Alternative views of the locking mechanism are depicted in
Another aspect of the present disclosure is an auto-sizing feature. This aspect uses a tapered jaw (107) and (110) shape to allow a user to start the jaws in a closed position and then insert the fastener or other object upon which the tool's force is to be applied between the jaws (107) and (110). Generally, the locking mechanism is in an unlocked position when using this feature. The tapered gripping surfaces (143) and (145) of the jaws (107) and (110) face each other, so that when the closed jaws (107) and (110) are pressed against a fastener, the fastener pushes the jaws (107) and (110) apart a sufficient amount for the fastener to be snugly held between the jaws (107) and (110). The locking system can then be engaged, locking the jaws (107) and (110) in place at the appropriate width to snugly hold the fastener.

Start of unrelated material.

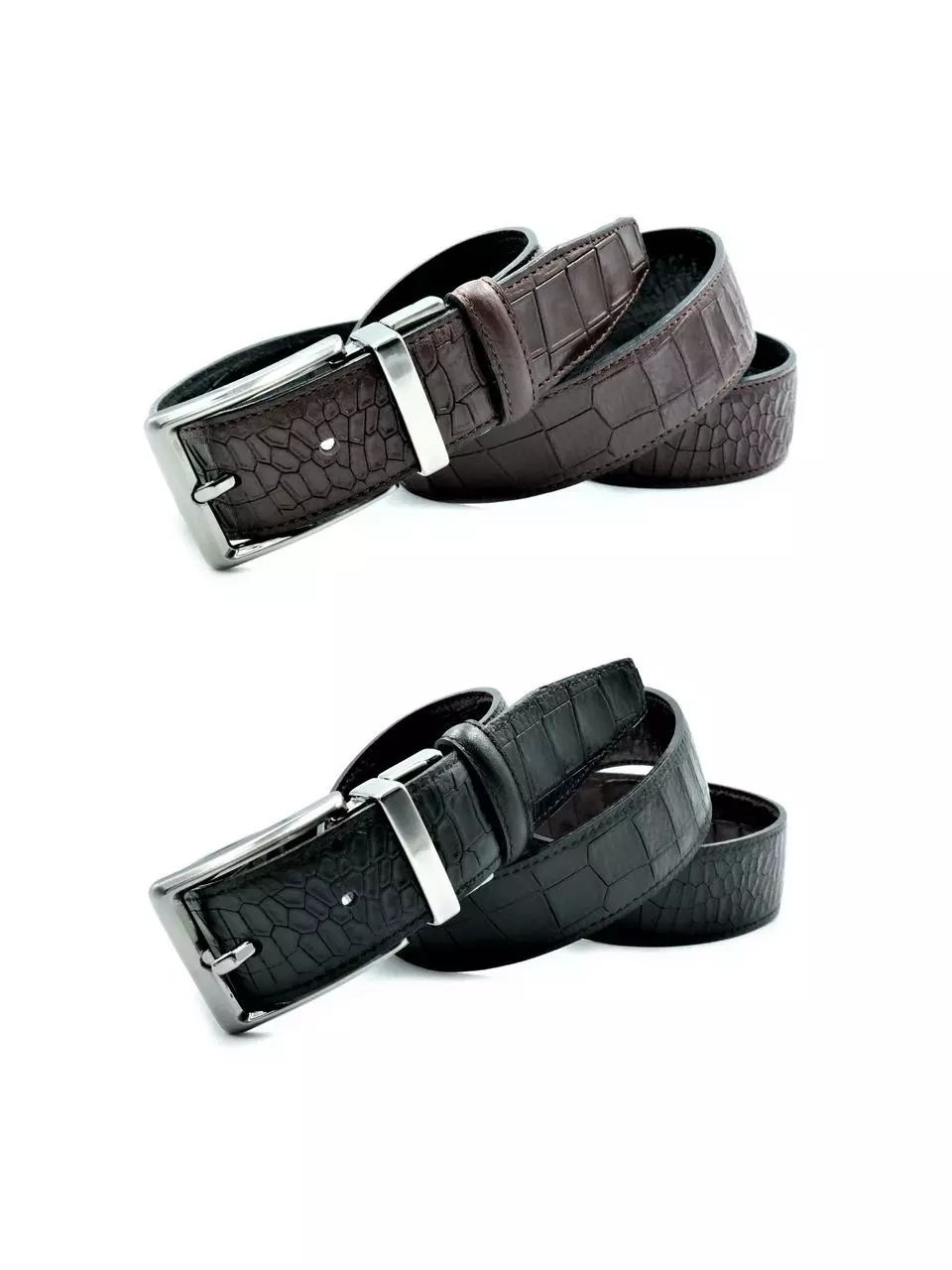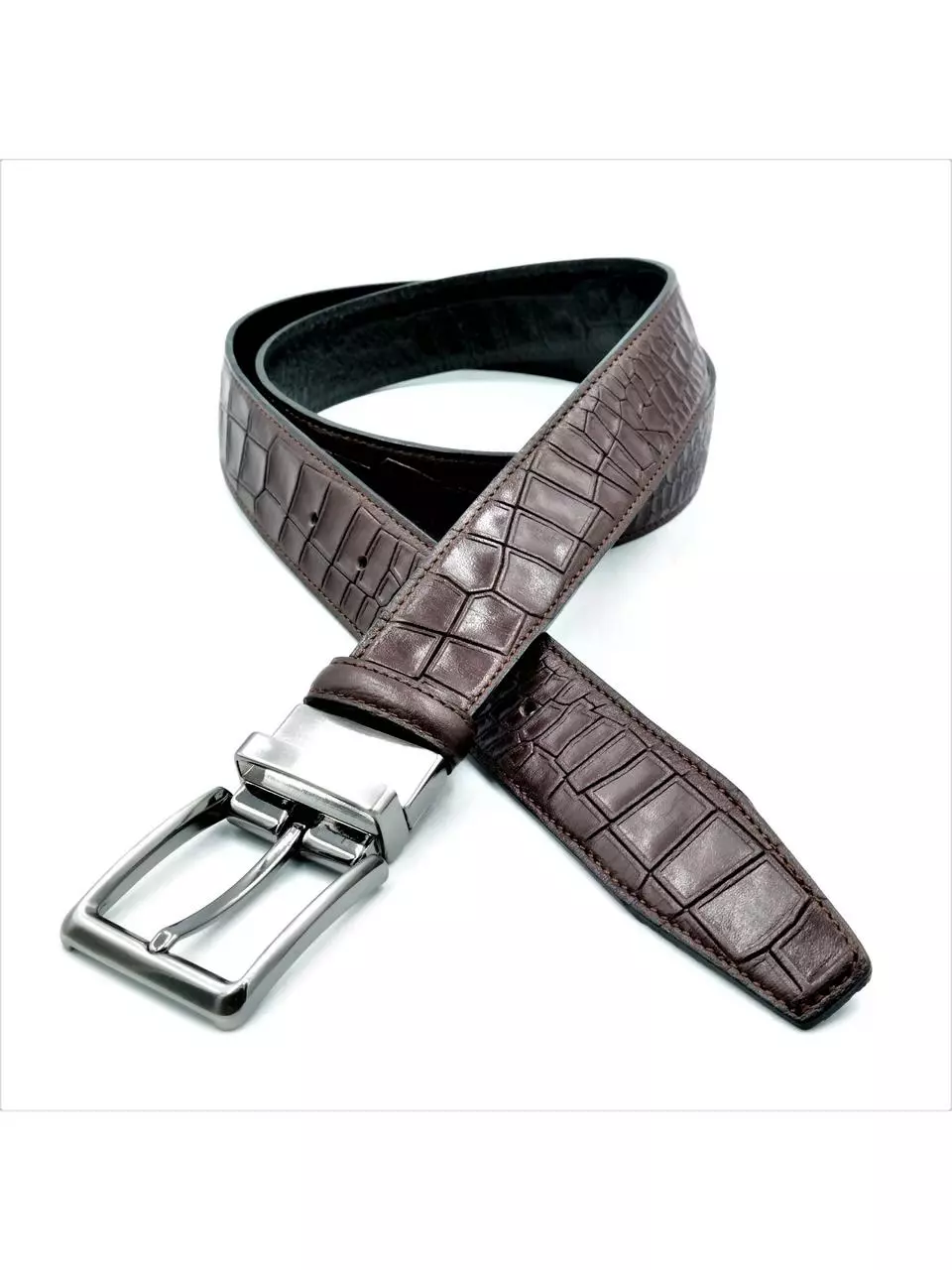 Чоловічий шкіряний ремінь двосторонній виготовлений із цільного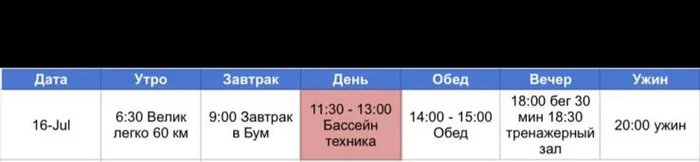 Кстати, а вот сегодняшнее расписание А. на сборах.

Generally, fasteners are manufactured in standard sizes according to a measurement system, chiefly metric or imperial units. The tooth width and distance between teeth for the gear racks (111) and (116) (e.g., circular pitch in a conventional gear rack) may be configured for particular unit systems. That is, when the locking system is engaged, the jaws (107) and (110) lock into positions that create jaw widths corresponding to fastener widths for a particular unit system. For example, the gear racks (111) and (116) may be configured to lock the jaws (107) and (110) in positions that create a gap between the jaws (107) and (110) of appropriate widths to work fasteners having metric or imperial dimensions. In a further embodiment, the gear racks (111) and (116) may have variable or irregular circular pitches, allowing a single tool to lock into both metric and imperial unit widths.
The device may further include a spring, coil, or tension device (130) disposed between the fixed handle (103) and the movable handle (105) in order to inhibit unintended movement. Additionally, in an embodiment, the jaws may be actuated to the open position by operation of the movable handle away from both the neutral position and locked position, such that the user can spread the jaws apart like scissors.
While the invention has been disclosed in connection with certain preferred embodiments, this should not be taken as a limitation to all of the provided details. Modifications and variations of the described embodiments may be made without departing from the spirit and scope of the invention, and other embodiments should be understood to be encompassed in the present disclosure as would be understood by those of ordinary skill in the art.